*SUPPLIED INFORMATION*.
┌──
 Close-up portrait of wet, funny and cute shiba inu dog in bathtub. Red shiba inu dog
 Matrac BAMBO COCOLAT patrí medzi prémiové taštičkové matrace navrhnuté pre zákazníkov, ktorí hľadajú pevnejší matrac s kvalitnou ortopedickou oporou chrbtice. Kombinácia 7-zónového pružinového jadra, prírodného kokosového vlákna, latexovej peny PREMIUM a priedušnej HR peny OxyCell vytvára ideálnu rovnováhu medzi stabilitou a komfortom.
└──
┌──
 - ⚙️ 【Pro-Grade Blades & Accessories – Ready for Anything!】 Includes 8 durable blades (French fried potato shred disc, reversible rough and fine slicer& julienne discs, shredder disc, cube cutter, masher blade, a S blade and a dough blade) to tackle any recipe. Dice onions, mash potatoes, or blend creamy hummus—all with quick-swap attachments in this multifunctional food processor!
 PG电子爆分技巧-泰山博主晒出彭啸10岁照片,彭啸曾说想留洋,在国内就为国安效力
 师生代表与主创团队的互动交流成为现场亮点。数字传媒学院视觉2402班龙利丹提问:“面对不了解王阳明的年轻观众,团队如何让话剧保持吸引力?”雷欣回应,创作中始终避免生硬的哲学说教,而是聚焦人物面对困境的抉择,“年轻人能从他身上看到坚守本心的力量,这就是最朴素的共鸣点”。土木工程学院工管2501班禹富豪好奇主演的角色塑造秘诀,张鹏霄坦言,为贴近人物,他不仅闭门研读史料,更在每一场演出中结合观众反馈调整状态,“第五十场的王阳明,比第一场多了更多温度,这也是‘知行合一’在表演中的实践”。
└──
Set down, exactly as they appear above, all lines from the one that has "Close-up portrait of" down to the one that has "Matrac BAMBO COCOLAT", including those two and no others.

*RESPONSE BELOW*.
 Close-up portrait of wet, funny and cute shiba inu dog in bathtub. Red shiba inu dog
 Matrac BAMBO COCOLAT patrí medzi prémiové taštičkové matrace navrhnuté pre zákazníkov, ktorí hľadajú pevnejší matrac s kvalitnou ortopedickou oporou chrbtice. Kombinácia 7-zónového pružinového jadra, prírodného kokosového vlákna, latexovej peny PREMIUM a priedušnej HR peny OxyCell vytvára ideálnu rovnováhu medzi stabilitou a komfortom.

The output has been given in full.